Last week, I attended a seminar in which an archaeology professor described the work of his students to catalog a collection of 5,000 Native American artifacts that was recently donated to Monmouth College. The collection is a remarkable resource to our students, who handle and study the stone artifacts, and to the broader academic community, as it represents one of the most complete and well-documented collections of Western Illinois antiquity.
Students from all majors are eligible to sign up for an archaeology laboratory, in which they learn to record, characterize and identify the various stone points that range in origin from 10,000 years to a few hundred years ago. The professor explained that undergraduate students often try to identify an artifact by matching its general appearance to pictures in a database. The process is slow, tedious and ineffective. It’s akin to finding the proverbial “needle in a haystack.”
In time, the students discover that identification is more efficient if they employ a well-designed decision tree. They ask very specific questions designed to rule out many possibilities with each question. By carefully selecting the questions (e.g., does it have flutes, is the base concave, do the chips all orient in the same direction?) and asking them in the proper order they can often make an identification through a half-dozen or so rather simple questions.
What a wonderful critical-thinking exercise!
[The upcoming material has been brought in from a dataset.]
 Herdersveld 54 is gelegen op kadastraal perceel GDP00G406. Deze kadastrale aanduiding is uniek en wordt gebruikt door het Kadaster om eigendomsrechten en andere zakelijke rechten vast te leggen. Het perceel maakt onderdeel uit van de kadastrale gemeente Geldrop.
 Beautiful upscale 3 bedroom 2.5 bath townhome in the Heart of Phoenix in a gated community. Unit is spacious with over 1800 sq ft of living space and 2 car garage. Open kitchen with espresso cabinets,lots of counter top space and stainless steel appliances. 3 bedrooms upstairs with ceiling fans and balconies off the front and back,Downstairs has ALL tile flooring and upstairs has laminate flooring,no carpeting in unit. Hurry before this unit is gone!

Most students in the archaeology laboratory will never again identify and catalog artifacts, but by learning how to simplify a complex problem through a series of logical, well-ordered steps they have acquired a valuable lifelong skill. It’s an excellent example of the value proposition that we at Monmouth College term “integrated learning.”
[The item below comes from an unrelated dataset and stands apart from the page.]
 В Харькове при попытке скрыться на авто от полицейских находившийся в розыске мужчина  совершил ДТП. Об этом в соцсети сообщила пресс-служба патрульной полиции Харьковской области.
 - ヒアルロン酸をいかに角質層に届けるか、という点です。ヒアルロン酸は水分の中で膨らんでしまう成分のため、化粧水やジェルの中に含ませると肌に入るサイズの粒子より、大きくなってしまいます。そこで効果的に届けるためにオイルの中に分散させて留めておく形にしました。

As I thought about the process of integrating knowledge across disciplines, it occurred to me that there are similarities between the archaeology lab and my discipline, chemistry. Specifically, I thought about the sophomore chemistry student who must learn to identify an organic molecule from its two-dimensional representation. Like the archaeology student, she soon discovers there is a more efficient means of identification than comparing it to thousands of pictures of known molecules.
If the sophomore chemistry student had previously spent a semester in the archaeology lab, shouldn’t she find organic nomenclature a snap? After all, the intellectual basis of the process is very similar. Perhaps, but in my experience, students tend to treat each course and each exercise as a unique challenge. I know that as a student I missed some obvious connections. For me, the process of identifying molecules was not unlike the process of identifying trees from leaf shapes, a skill that I had learned as a kid studying forestry in 4-H. Unfortunately, that connection did not occur to me until years after college.
Transferring ideas and skills from one course to another or from one field to another is clearly not easy, but it is a crucial skill for those who want to solve complex problems. Unless we can transfer or—as we say at Monmouth—integrate that knowledge, we will always be limited by our inability to take every possible course and study every conceivable topic.
The integration of knowledge doesn’t just happen. Students rarely discover it themselves, nor are most faculty members adept at it, having trained as specialists. So students go through colleges and universities putting knowledge into silos. Some claim to have interdisciplinary skills because the knowledge silos they use straddle several disciplines, but few have the ability to discern the connections between those silos. Consequently, they are not prepared to solve the complex problems that arise daily.
When faced with solving a difficult problem or performing an unfamiliar task, our natural tendency is to shy away from the challenge or plead ignorance. At Monmouth we believe we can diminish that all-too-human trait through the remarkable tool known as integrated learning. The heart of our curriculum is a series of courses that is called the Integrated Studies Sequence. In our Strategic Plan, we pledge to prepare students to solve complex problems by preparing them to integrate knowledge.
It may be the hardest thing for us to teach, since many of us were never taught it ourselves. It is certainly one of the hardest things our students accomplish, but, like so many other challenges, it is worth the effort for a college that believes that its graduates can and should change the world.